• _Recorded data_:
=== Begin Enclosure ===
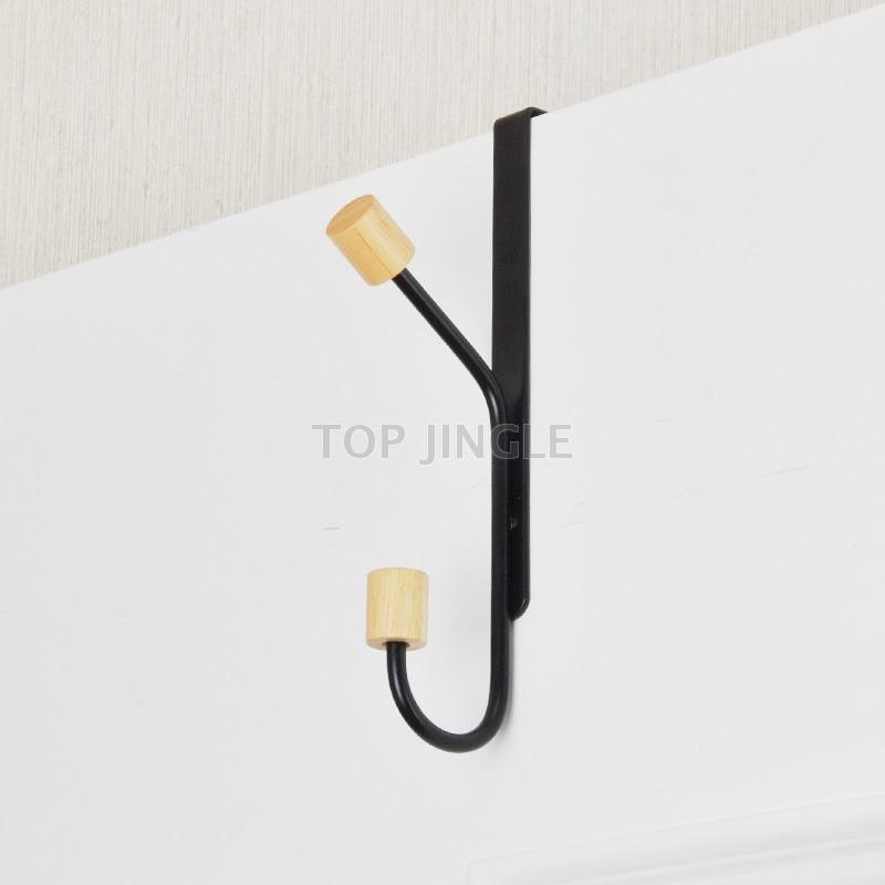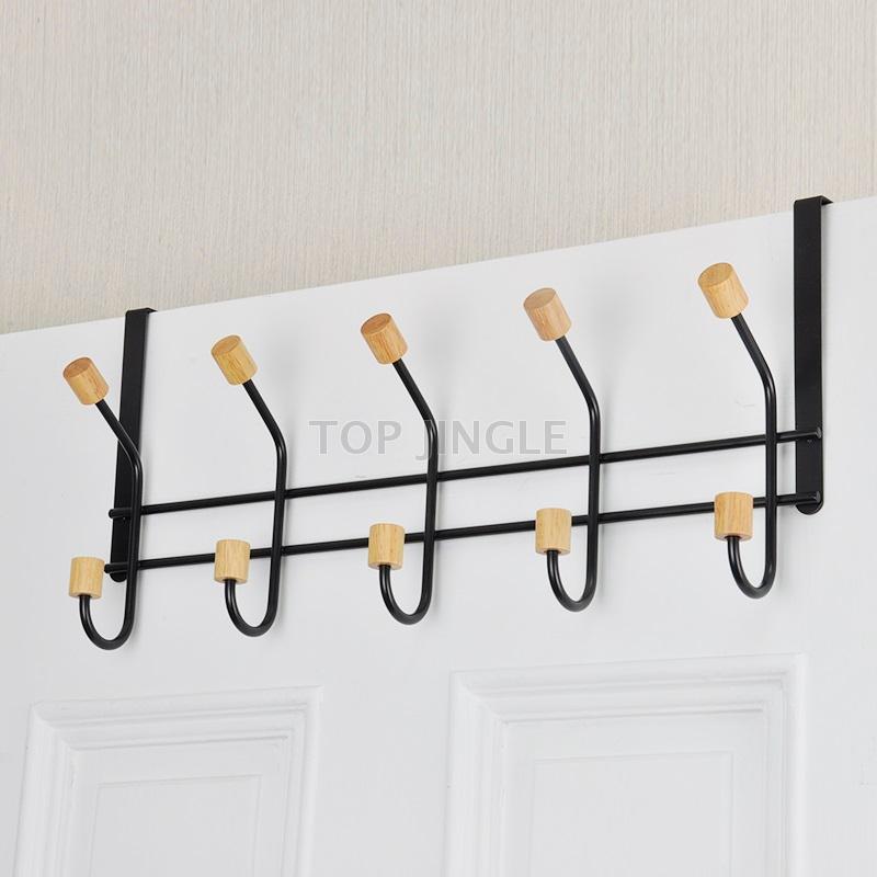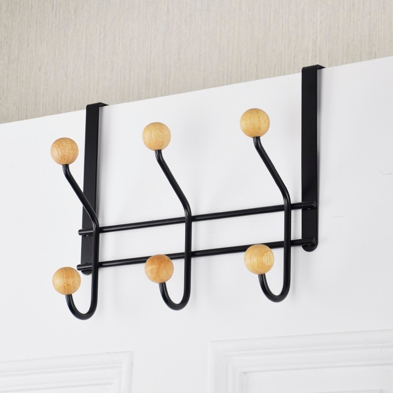 掛鉤由黑色金屬絲製成,帶有6顆橡膠木。 此款產品可掛在門上,易於使用。
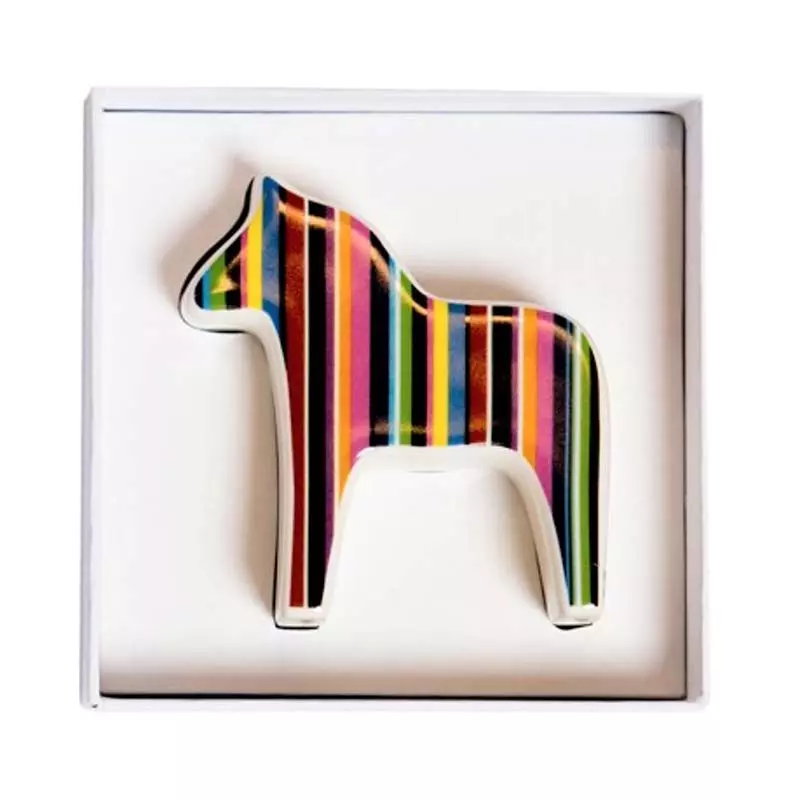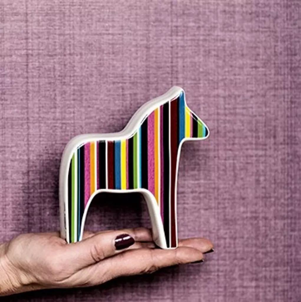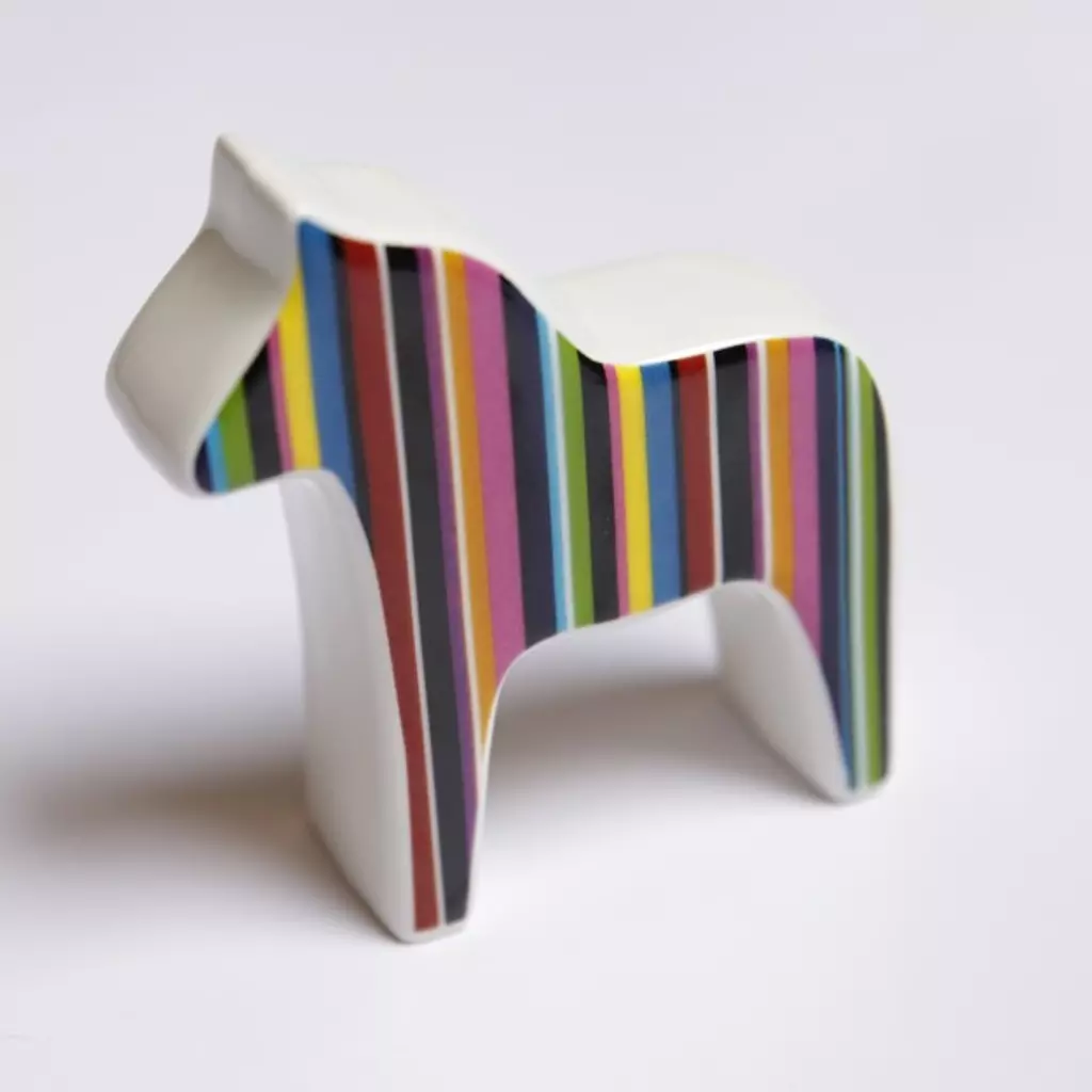 Den ultra moderna dalahästen är här. Med lodräta ränder och två olika storlekar kompletterar de varandra och de passar överallt, antingen tillsammans, eller var för sig. Varför inte ge bort en? Den kommer i en elegant presentförpackning. Material: Fajansporslin med 8-9% porositet som bränns i ca 1050 grader Tillverkning: Tallin i Estland. Läs gärna mer om AnnaViktoria nedan
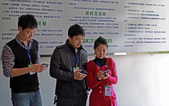 福建光泽县纪委、监察局党员干部正在接收查看廉政短信
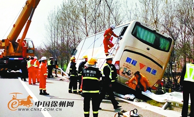 救援:吊车绑住大客车避免侧翻出事地点位于连霍高速徐州方向单集出口西侧约800米处,北侧一段高约1米的护栏被撞断,撞出一个长约30米的大豁口,五根高约80厘米、直径约20厘米粗的护栏立柱被撞倒。现场一位救援人员表示,如果不是几根立柱卡住客车底部,支撑住客车,客车早已从路基上翻了下去。
=== End Enclosure ===
• _Task description_:
Please print all the lines above exactly as given and leave out every picture.

• _Solution to this task_:
 掛鉤由黑色金屬絲製成,帶有6顆橡膠木。 此款產品可掛在門上,易於使用。
 Den ultra moderna dalahästen är här. Med lodräta ränder och två olika storlekar kompletterar de varandra och de passar överallt, antingen tillsammans, eller var för sig. Varför inte ge bort en? Den kommer i en elegant presentförpackning. Material: Fajansporslin med 8-9% porositet som bränns i ca 1050 grader Tillverkning: Tallin i Estland. Läs gärna mer om AnnaViktoria nedan
 福建光泽县纪委、监察局党员干部正在接收查看廉政短信
 救援:吊车绑住大客车避免侧翻出事地点位于连霍高速徐州方向单集出口西侧约800米处,北侧一段高约1米的护栏被撞断,撞出一个长约30米的大豁口,五根高约80厘米、直径约20厘米粗的护栏立柱被撞倒。现场一位救援人员表示,如果不是几根立柱卡住客车底部,支撑住客车,客车早已从路基上翻了下去。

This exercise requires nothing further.